> [REQUIRED ACTION]:
All that should be output is the block of lines below from the line with "当地区の土地区画整理事業は、" to the line with "お客様よりうれしいお言葉をい", both included, exactly as written.

> [DATA SHOWN]:
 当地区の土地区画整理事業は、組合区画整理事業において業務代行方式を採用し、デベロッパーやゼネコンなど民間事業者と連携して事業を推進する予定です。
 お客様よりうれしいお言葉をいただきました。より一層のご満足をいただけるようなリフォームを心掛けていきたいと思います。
==
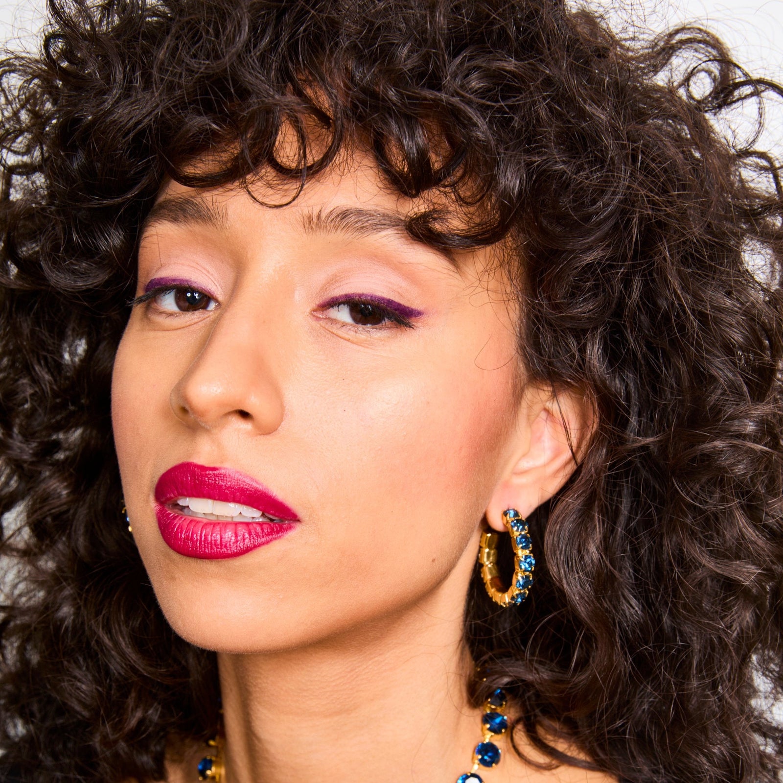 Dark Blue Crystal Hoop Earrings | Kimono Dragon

> [RESPONSE BELOW]:
 当地区の土地区画整理事業は、組合区画整理事業において業務代行方式を採用し、デベロッパーやゼネコンなど民間事業者と連携して事業を推進する予定です。
 お客様よりうれしいお言葉をいただきました。より一層のご満足をいただけるようなリフォームを心掛けていきたいと思います。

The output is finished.